The Many Hats of Robert Klein

Posted by Jesse Reynolds April 11, 2008
Biopolitical Times
In many ways, this weekend's stem cell research advocacy gathering in San Francisco is unremarkable. Many of the same speakers can be found at similar meetings and mini-conventions several times each year. But this one is staged by Americans for Cures, led by Robert Klein, who is also the head of California's multi-billion dollar stem cell research agency. Not only is he juggling two incompatible roles - stem cell booster and public servant - but under his guidance, his advocacy organization has attacked his political opponents, praised his own work, and spread misleading information.

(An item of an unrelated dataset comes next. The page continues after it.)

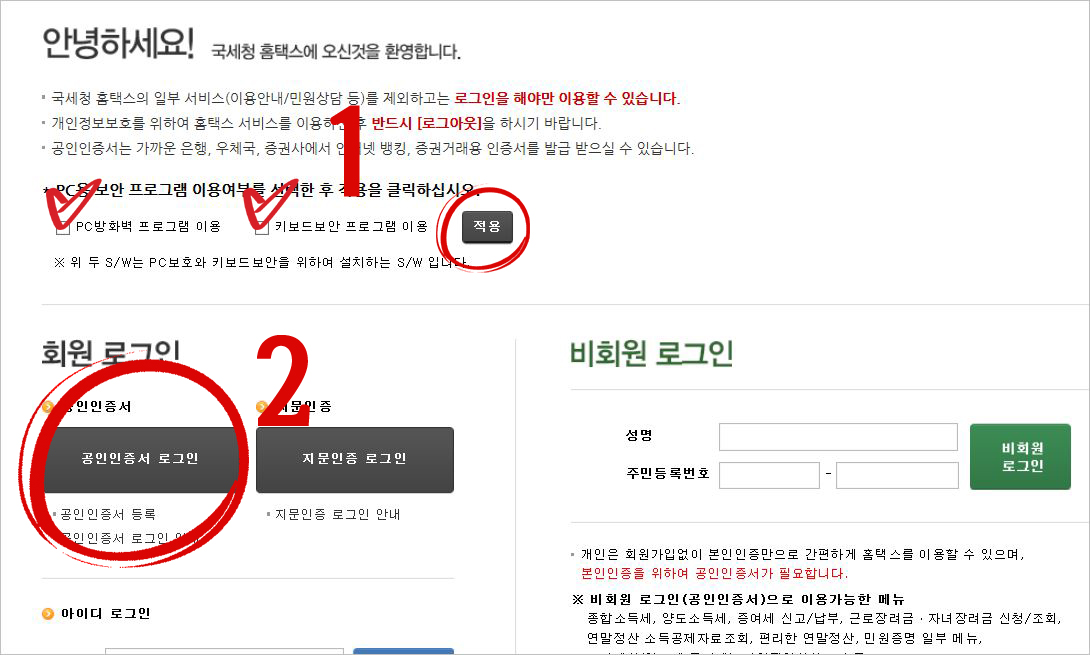 ⑤ 공인인증서를 통해 로그인하면 됩니다. 회사 또는 외부에서 로그인하는 것이라면 보안프로그램을 필히 설치 후 진행하셔야 합니다. *집에서는 체크하지 않아도 됩니다.

To call Klein a "stem cell czar" is easy, perhaps even modest. He was the primary author of the ballot initiative that created the agency (and insulated it from most public oversight and accountability). He was the chair of the campaign for the initiative’s passage, as well as the campaign’s largest donor. After its passage, Klein was unanimously nominated to chair the board of the new agency, the California Institute for Regenerative Medicine (CIRM). In fact, the requirements for the job that he wrote into the law fit his own experience so closely that few other Californians could even have qualified for consideration.

After the ballot measure passed in November 2004, Klein tried to wear both hats, those of booster and of public servant. The initiative campaign transformed into the advocacy group California Research and Cures Coalition, which remained headed by Klein and operated out of his business office in Palo Alto. In response to public criticism, he quickly resigned from the organization.

But Klein couldn't resist politicking for his cause. In 2006, a new group appeared, Americans for Stem Cell Therapies and Cures, with Klein again at the helm. Its first action was to issue a public letter smearing Sen. Deborah Ortiz (D-Sacramento) on the eve of her primary election for Secretary of State. She had been the most vocal supporter of the stem cell initiative in the state house, but was now backing legislation to reform the agency. As a taxable lobbying group, Klein's outfit raised also raised money for his political allies in the fall 2006 general election.

Now, Americans for Cures has assumed the mantle of both the California Research and Cures Coalition and Americans for Stem Cell Therapies and Cures. Two months ago, it issued a press release backing one of Klein's pet projects at the CIRM. What's more, it is extensively downplaying the potential of a new alternative to the use of embryos in stem cell research - an alternative whose ascendance would call into question the relevancy of CIRM and its use of taxpayer dollars during a time of budget crunching.   

To top it off, the group is exaggerating the state of cloning-based stem cell research, implying inaccurately that stem cells have already been derived via this technique. Some tidbits from its website:
A research process called somatic cell nuclear transfer (SCNT), sometimes referred to as "therapeutic cloning", allows scientists to produce embryonic stem cells without using sperm to fertilize an egg.
and
Embryonic stem cell research utilizes a process called therapeutic cloning, or somatic cell nuclear transfer (SCNT), to copy cells with the goal of making stem cells to better treat and cure people with serious diseases and injuries. Using SCNT, scientists can produce embryonic stem cells without using sperm to fertilize an egg.
and
Patient Specific Stem Cells [glossary entry]: Stem cell lines, developed through somatic cell nuclear transfer (SCNT), that match a patient. These cells could be useful as therapeutics to replace disease tissues or, in the case of cells from someone with a genetic disease, to study how the disease occurs.
(Bear in mind that, with a new presidential administration, it’s almost certain that funding for cloning-based stem cell research is all that will be left to distinguish CIRM's portfolio from that of the federal government.)

It can be difficult to see the public funding of stem cell research for what it is: An appropriate use of taxpayer dollars that has popular support in California, but that must be balanced against both changing understanding of the research's potential and other funding priorities.

Considering an analogy to a better-known domain can be illuminating. Imagine the response if the appointed head of California’s Department of Transportation was also the leader of a highway-building advocacy group that issued statements praising the department head, attacked his or her political opponents, raised funds for allies, spread misinformation about the benefits of highways, and compiled arguments against mass transit and bicycling.

It wouldn't "pass the smell test" for a moment, and this shouldn't either.